Business Owners: Goals and Exercise

Healthy People

Even as a busy business owner, there are many ways to incorporate exercise and healthy living into your daily activities.

Many business owners who have owned and operated their businesses for more than five years and have over five employees are over the age of 40. As a business owner, you likely spend most of your days either in your office, on the road or in someone else’s office. Many of the general health issues become more of a concern as you age. However, it does not have to be so as the overwhelming majority of those issues stem from overuse or lack of use.  This is why exercise and goals are so important.

Too little and too much exercise causes problems.

If you sit at your desk  much of the day snacking on chips or pretzels and exercising little, you are depriving your body of the nutrition it needs and the movement it craves. Have you ever seen someone be completely immobilized and noticed how their health plummeted? I have. Your lymphatic system supports your immune system but you need to move for it to work well. If you stop moving, it’s functioning drastically decreases. Conversely, if you engage in a four-mile daily run for eight years on concrete, you beat up your joints, subject your muscles to pounding and wear them down. Balance is the key.

It is never too late for you to start an exercise program. The health benefits are well worth the consistent effort. In addition to losing that gut or being able to walk up the stairs without getting winded, you will strengthen your immune system (and get sick less often), increase your stamina, and feel more energetic, all of which will help you run your business better.

Regular exercise doesn’t need to be a chore.

When you are just starting out, and if you are just not athletic, regular exercise may feel like a chore. To combat this, you need to make exercise a priority by focusing on why you need to do it and the myriad benefits, such as those noted above. You can track your progress in a notebook to help you be aware of the small wins that help you stay focused and committed. If you are new to a regular exercise schedule, surround yourself with like-minded people to boost your commitment and focus. Working out with a friend or family member can provide the companion you need or, if you are highly competitive, provide the competitive spark you need to keep going.  Participating in a boot camp, a running club or on an intramural team will help you look forward to your workout…and may make it feel less like a workout.

It is important to build upon your goals.

Start with smaller goals to build upon your health and fitness success. This will help you achieve larger goals.

You need exercise goals.

Any exercise regime needs health goals or fitness goals to be successful and yours is no different. Is your goal to maintain, like mine is? If so, you need to add some variety to what you do, otherwise the maintenance can become boring. For example, I get outdoor workout suggestions from Men’s Fitness in the summer or I’ll include a few P90X sessions in the colder months. In the summer, I’ll also run football stadium steps or do a track workout.

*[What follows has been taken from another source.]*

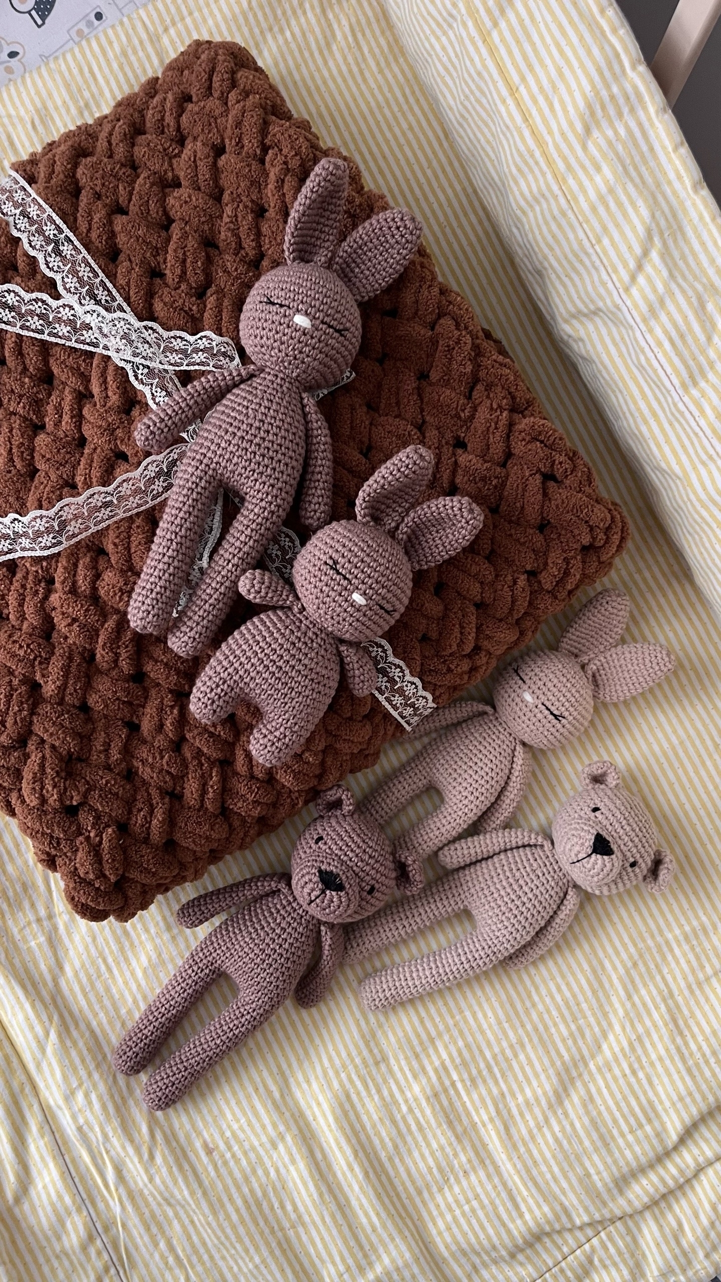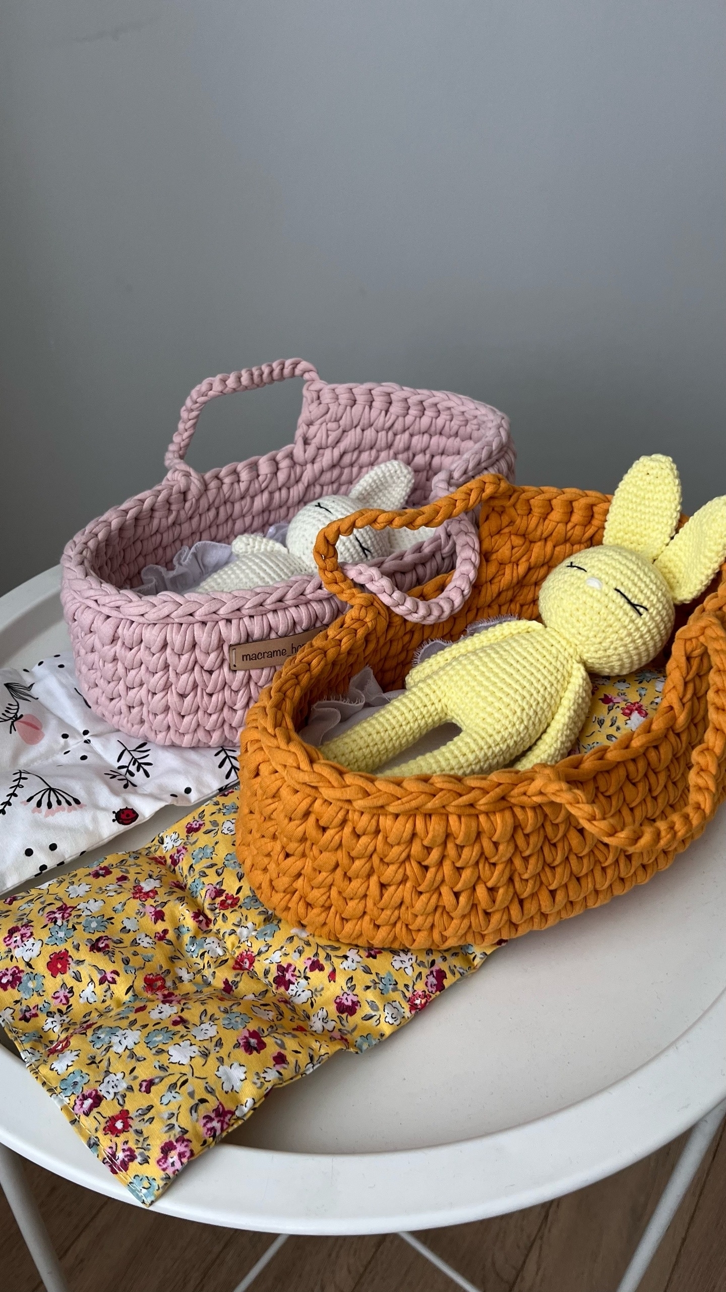 Нежная постелька в каждом комплекте. Люлька удобного размера для кукол и игрушек. Деревянное донышко позволяет изделию держать форму. Люлька связана из трикотажной пряжи высокого качества.
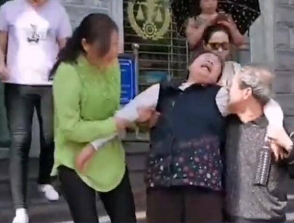 王某欣的父母在审判结束后失声痛哭、跪倒在地向法官致谢。

Your fitness goal may be as simple as running a five minute or faster pace every week or just getting in 30 minutes of continuous exercise 4 days a week. Your weekly or monthly goal will help you maintain your commitment. With all goals, small goals help you build to large goals because success builds upon success and increases your confidence. You observe this in your business. The same applies to your health. An end goal of  “I will run 40 minutes” or “I will lose 30 pounds” may be too daunting if that’s your only goal.

When you break your big goal into more achievable and trackable components, you’ll feel like you are making progress, which will help you feel good and want to continue. Use the same approach that you use to break stretch business goals down into achievable components. For example, that 30 lb. weight loss goal could be broken down into a 2 lb. weight loss each week. The 40 minute running goal could be broken down into 5 minutes of increased running time (vs. walking) every two weeks.

In summary…

Remember, if you must fight yourself to achieve your health and fitness goals, you WILL lose. You must structure your health and fitness routine and set goals in such a way that your habits support your goal achievement. If you must constantly make decisions regarding if, when and how you’ll exercise, all that mind noise will stress your will power and lead to your defeat. Structure your goal achievement so that you RECOGNIZE and build on your success. Set goals, create daily habits, minimize the decision making needed and watch yourself move toward achieving your health and fitness goals.